* **Exercise**:
The required answer is the run of lines from the one holding "为贯彻落实省委、省政府减负降" to the end of the data below, copied exactly and free of pictures.

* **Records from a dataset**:
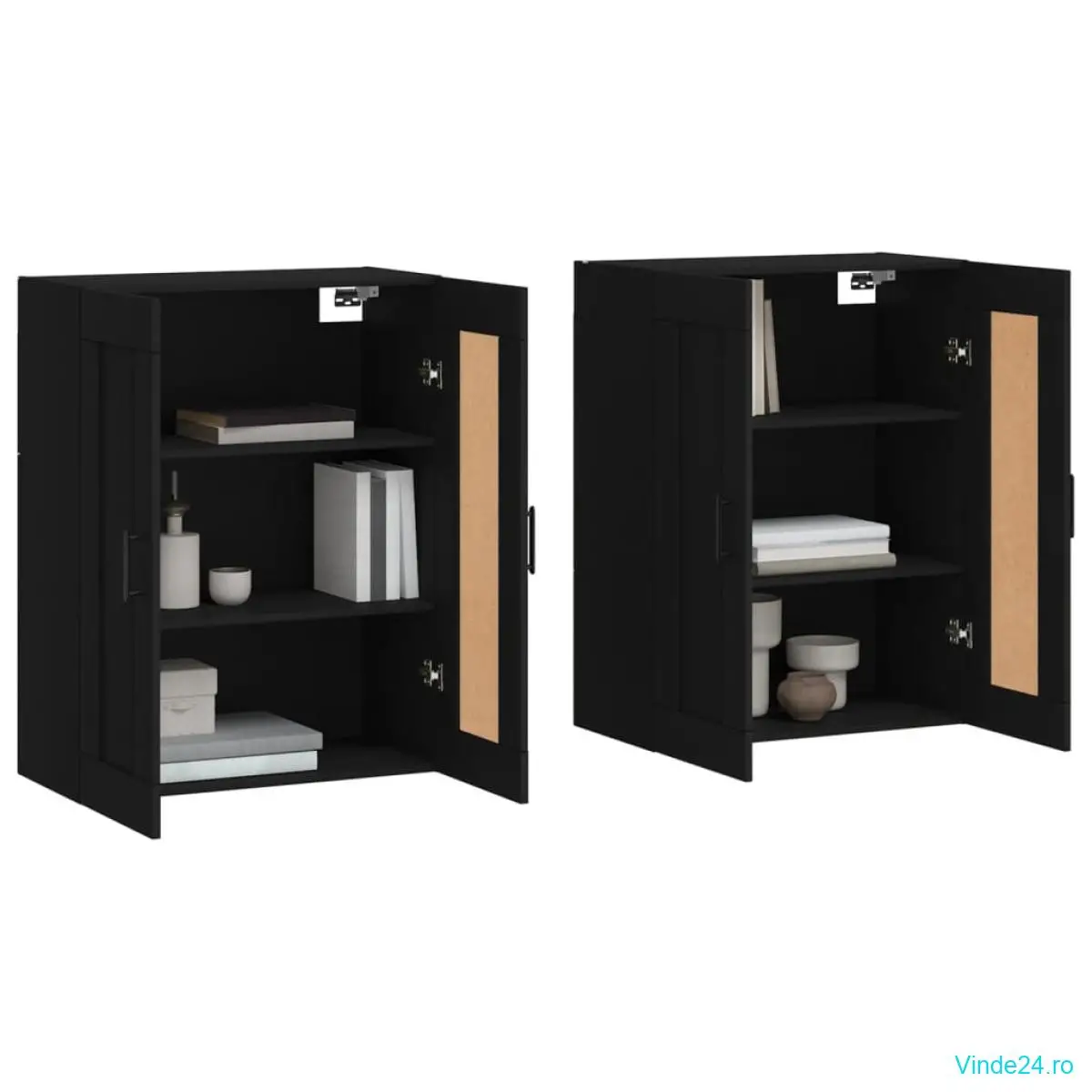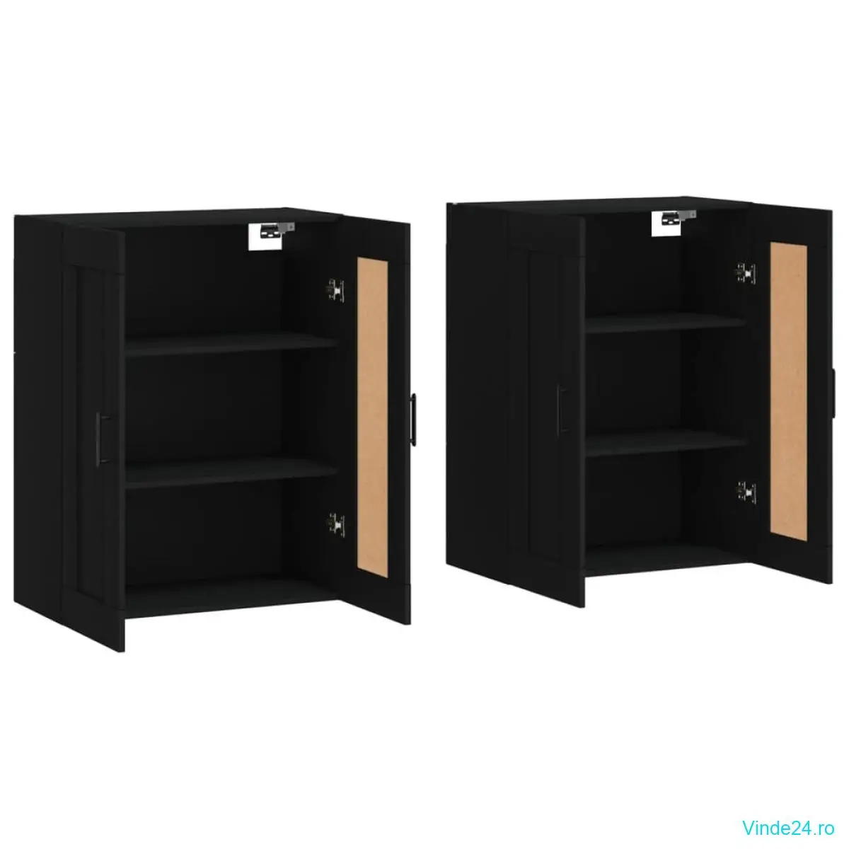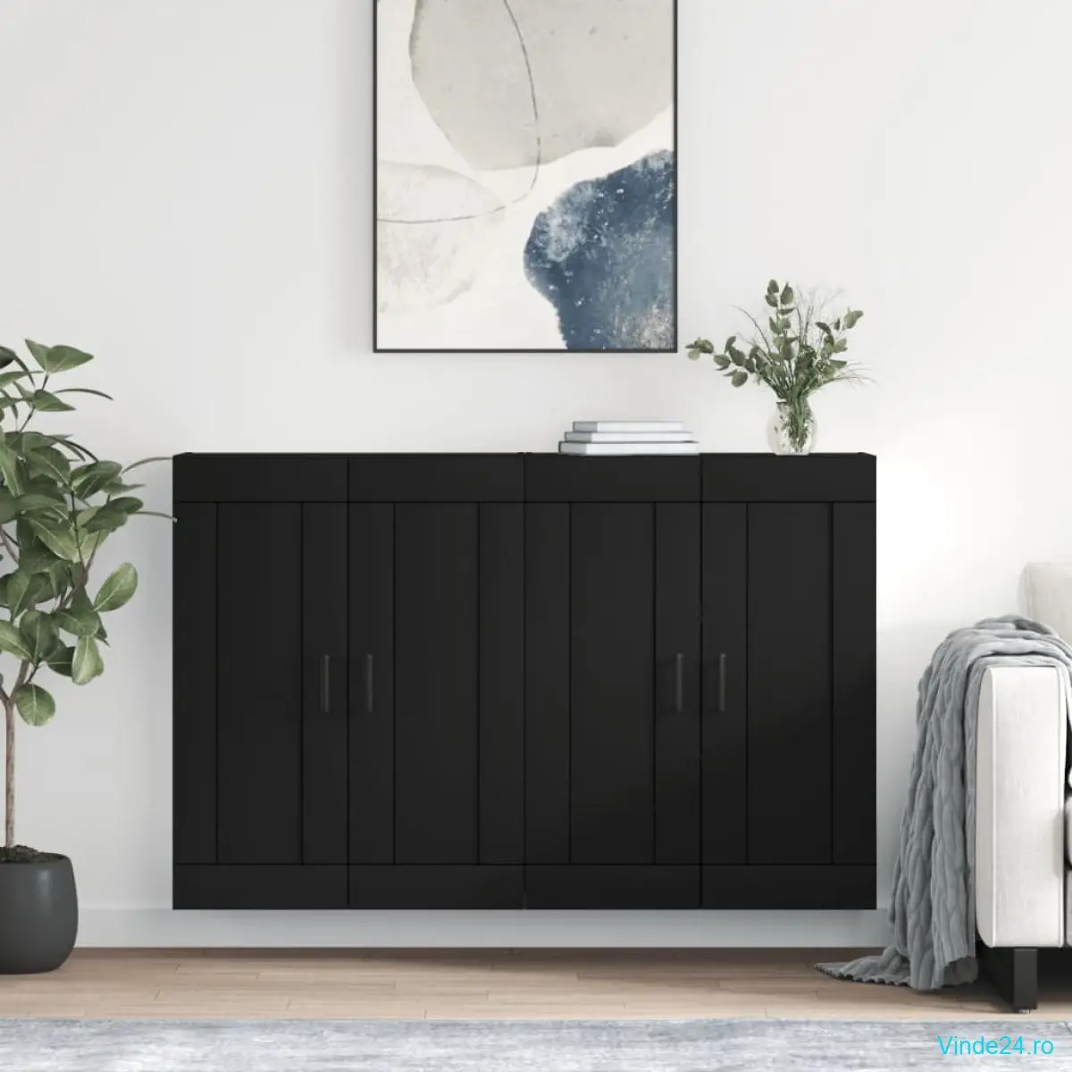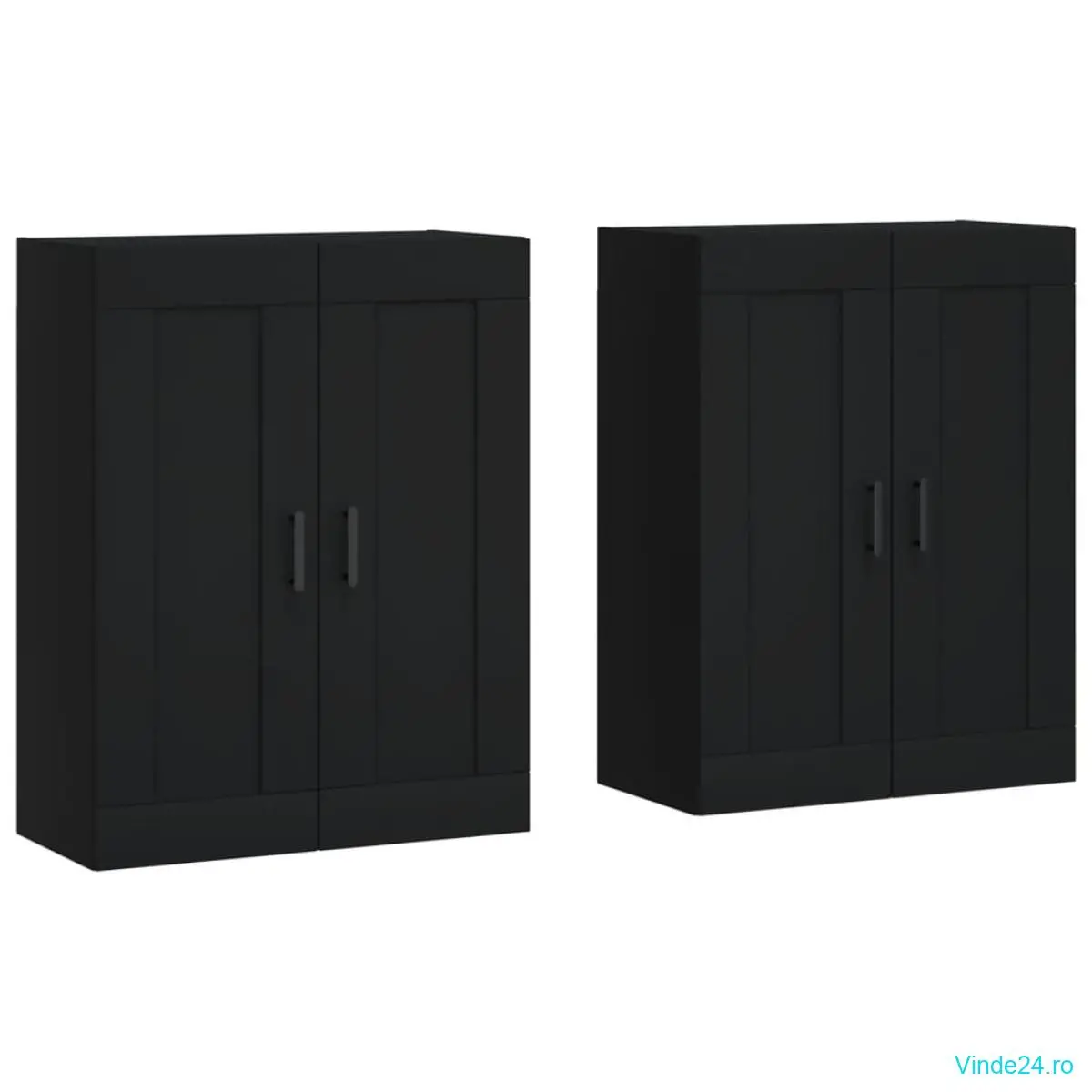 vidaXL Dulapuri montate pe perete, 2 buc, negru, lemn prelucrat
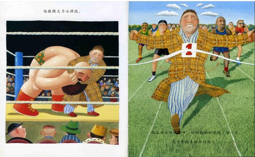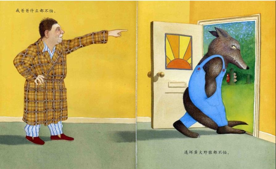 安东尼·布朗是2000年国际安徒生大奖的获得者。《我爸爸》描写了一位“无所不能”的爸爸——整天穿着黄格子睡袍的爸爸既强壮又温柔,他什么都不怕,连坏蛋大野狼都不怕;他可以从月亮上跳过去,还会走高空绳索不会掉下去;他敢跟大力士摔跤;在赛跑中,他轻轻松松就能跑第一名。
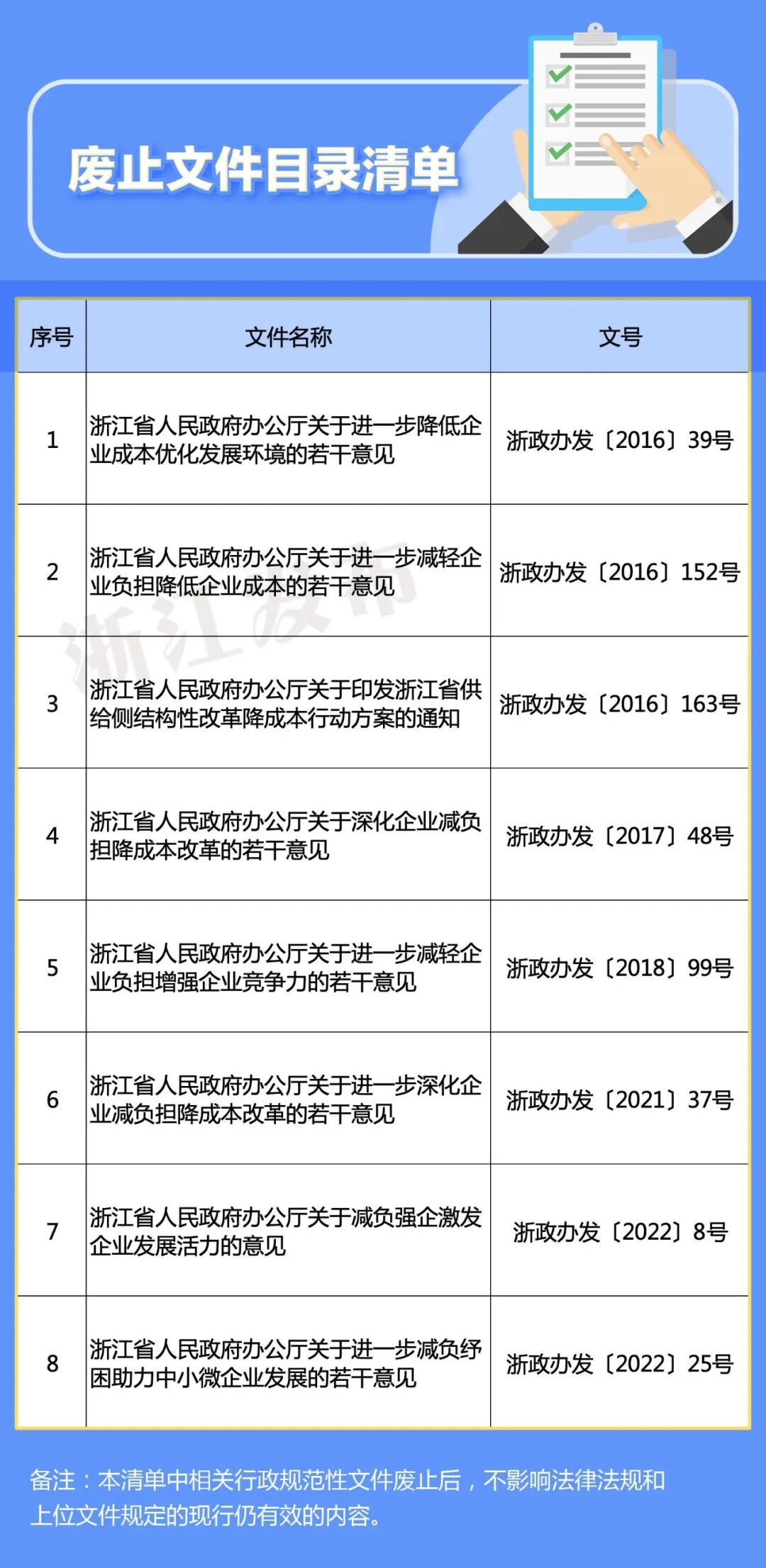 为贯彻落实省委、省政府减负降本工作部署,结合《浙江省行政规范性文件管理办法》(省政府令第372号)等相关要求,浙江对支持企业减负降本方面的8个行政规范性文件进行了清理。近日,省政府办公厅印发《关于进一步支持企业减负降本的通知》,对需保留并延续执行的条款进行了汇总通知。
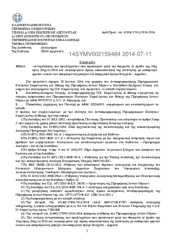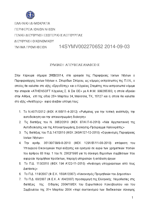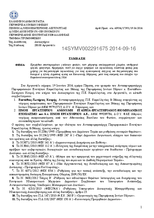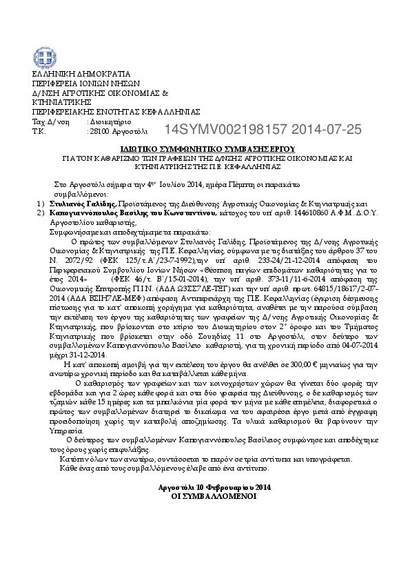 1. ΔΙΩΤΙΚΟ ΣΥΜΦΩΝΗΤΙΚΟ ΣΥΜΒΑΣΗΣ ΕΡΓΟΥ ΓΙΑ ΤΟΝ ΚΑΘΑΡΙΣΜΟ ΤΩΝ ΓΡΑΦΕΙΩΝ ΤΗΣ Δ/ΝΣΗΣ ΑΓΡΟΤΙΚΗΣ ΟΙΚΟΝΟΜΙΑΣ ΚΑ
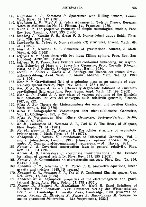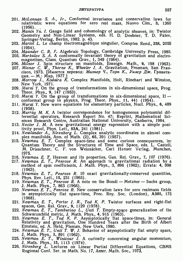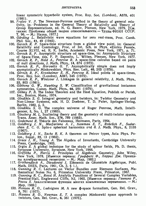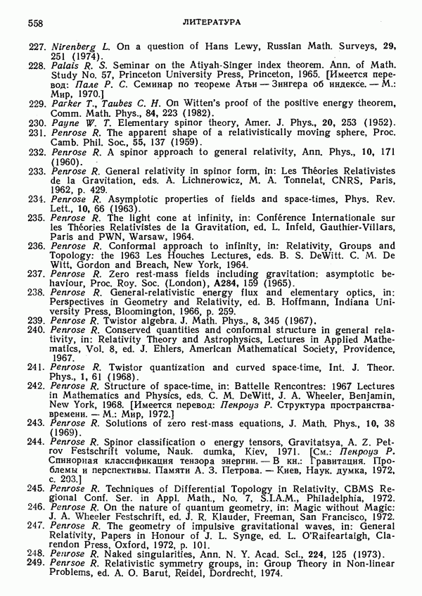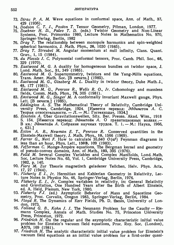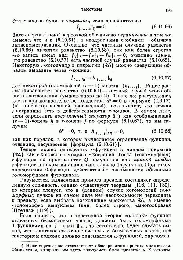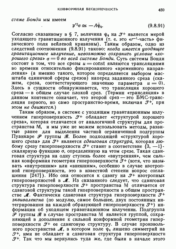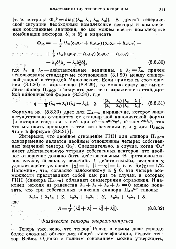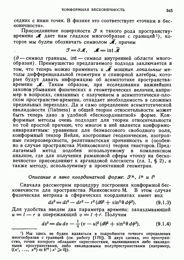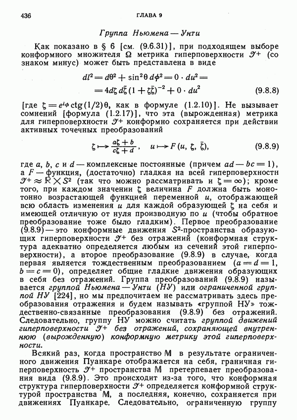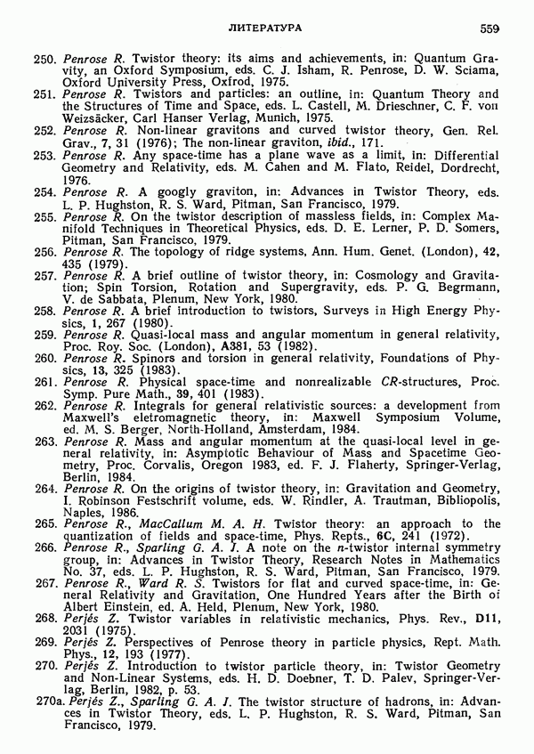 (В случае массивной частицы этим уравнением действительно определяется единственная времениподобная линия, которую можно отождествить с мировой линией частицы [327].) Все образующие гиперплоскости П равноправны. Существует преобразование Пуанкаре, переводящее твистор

* **The completed task**:
 为贯彻落实省委、省政府减负降本工作部署,结合《浙江省行政规范性文件管理办法》(省政府令第372号)等相关要求,浙江对支持企业减负降本方面的8个行政规范性文件进行了清理。近日,省政府办公厅印发《关于进一步支持企业减负降本的通知》,对需保留并延续执行的条款进行了汇总通知。
 1. ΔΙΩΤΙΚΟ ΣΥΜΦΩΝΗΤΙΚΟ ΣΥΜΒΑΣΗΣ ΕΡΓΟΥ ΓΙΑ ΤΟΝ ΚΑΘΑΡΙΣΜΟ ΤΩΝ ΓΡΑΦΕΙΩΝ ΤΗΣ Δ/ΝΣΗΣ ΑΓΡΟΤΙΚΗΣ ΟΙΚΟΝΟΜΙΑΣ ΚΑ
 (В случае массивной частицы этим уравнением действительно определяется единственная времениподобная линия, которую можно отождествить с мировой линией частицы [327].) Все образующие гиперплоскости П равноправны. Существует преобразование Пуанкаре, переводящее твистор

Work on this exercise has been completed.